Correlation Between Sumitomo Rubber and AIA Group
Can any of the company-specific risk be diversified away by investing in both Sumitomo Rubber and AIA Group at the same time? Although using a correlation coefficient on its own may not help to predict future stock returns, this module helps to understand the diversifiable risk of combining Sumitomo Rubber and AIA Group into the same portfolio, which is an essential part of the fundamental portfolio management process.
By analyzing existing cross correlation between Sumitomo Rubber Industries and AIA Group Limited, you can compare the effects of market volatilities on Sumitomo Rubber and AIA Group and check how they will diversify away market risk if combined in the same portfolio for a given time horizon. You can also utilize pair trading strategies of matching a long position in Sumitomo Rubber with a short position of AIA Group. Check out your portfolio center. Please also check ongoing floating volatility patterns of Sumitomo Rubber and AIA Group.

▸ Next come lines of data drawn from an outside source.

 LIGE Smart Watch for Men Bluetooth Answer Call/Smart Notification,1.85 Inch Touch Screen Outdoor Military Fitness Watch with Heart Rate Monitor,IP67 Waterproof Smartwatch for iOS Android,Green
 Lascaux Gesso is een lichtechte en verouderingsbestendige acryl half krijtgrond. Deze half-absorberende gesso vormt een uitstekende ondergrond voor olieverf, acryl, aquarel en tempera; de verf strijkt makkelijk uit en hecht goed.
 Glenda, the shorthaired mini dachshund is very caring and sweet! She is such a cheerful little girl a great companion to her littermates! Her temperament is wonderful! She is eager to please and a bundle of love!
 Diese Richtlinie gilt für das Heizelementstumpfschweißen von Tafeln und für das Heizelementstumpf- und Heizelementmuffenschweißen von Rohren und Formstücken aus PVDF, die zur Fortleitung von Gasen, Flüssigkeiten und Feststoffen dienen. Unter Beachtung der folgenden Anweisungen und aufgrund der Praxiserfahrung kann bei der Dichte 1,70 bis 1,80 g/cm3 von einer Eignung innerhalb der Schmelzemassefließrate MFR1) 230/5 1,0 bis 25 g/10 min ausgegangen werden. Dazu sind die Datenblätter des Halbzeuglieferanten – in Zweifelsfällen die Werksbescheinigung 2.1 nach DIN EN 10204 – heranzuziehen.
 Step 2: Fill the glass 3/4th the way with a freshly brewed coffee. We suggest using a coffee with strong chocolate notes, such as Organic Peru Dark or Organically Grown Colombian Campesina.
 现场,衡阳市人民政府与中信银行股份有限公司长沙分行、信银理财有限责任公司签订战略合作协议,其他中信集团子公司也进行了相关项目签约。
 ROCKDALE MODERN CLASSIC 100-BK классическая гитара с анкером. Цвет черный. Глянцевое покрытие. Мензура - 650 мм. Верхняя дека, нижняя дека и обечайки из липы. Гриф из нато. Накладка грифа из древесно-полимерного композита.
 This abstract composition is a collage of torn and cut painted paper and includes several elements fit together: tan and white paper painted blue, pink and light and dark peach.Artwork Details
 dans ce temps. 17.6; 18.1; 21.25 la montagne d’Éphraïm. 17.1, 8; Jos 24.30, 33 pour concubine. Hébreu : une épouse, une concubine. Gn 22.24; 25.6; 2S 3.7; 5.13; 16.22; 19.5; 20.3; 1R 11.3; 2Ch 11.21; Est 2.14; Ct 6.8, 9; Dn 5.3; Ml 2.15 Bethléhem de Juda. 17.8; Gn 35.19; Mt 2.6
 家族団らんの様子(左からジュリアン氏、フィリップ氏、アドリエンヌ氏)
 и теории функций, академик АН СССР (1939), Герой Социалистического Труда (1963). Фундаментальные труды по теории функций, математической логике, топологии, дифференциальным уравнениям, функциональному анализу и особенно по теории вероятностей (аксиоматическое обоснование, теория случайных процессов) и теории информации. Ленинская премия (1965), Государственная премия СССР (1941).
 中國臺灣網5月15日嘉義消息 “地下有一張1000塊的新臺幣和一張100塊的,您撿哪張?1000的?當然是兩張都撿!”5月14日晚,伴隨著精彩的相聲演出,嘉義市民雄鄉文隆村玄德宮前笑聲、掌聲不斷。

Diversification Opportunities for Sumitomo Rubber and AIA Group
-0.37 | Correlation Coefficient |
Very good diversification
The 3 months correlation between Sumitomo and AIA is -0.37. Overlapping area represents the amount of risk that can be diversified away by holding Sumitomo Rubber Industries and AIA Group Limited in the same portfolio, assuming nothing else is changed. The correlation between historical prices or returns on AIA Group Limited and Sumitomo Rubber is a relative statistical measure of the degree to which these equity instruments tend to move together. The correlation coefficient measures the extent to which returns on Sumitomo Rubber Industries are associated (or correlated) with AIA Group. Values of the correlation coefficient range from -1 to +1, where. The correlation of zero (0) is possible when the price movement of AIA Group Limited has no effect on the direction of Sumitomo Rubber i.e., Sumitomo Rubber and AIA Group go up and down completely randomly.
Pair Corralation between Sumitomo Rubber and AIA Group
Assuming the 90 days horizon Sumitomo Rubber Industries is expected to under-perform the AIA Group. But the stock apears to be less risky and, when comparing its historical volatility, Sumitomo Rubber Industries is 1.45 times less risky than AIA Group. The stock trades about -0.07 of its potential returns per unit of risk. The AIA Group Limited is currently generating about 0.18 of returns per unit of risk over similar time horizon. If you would invest 593.00 in AIA Group Limited on April 20, 2025 and sell it today you would earn a total of 158.00 from holding AIA Group Limited or generate 26.64% return on investment over 90 days.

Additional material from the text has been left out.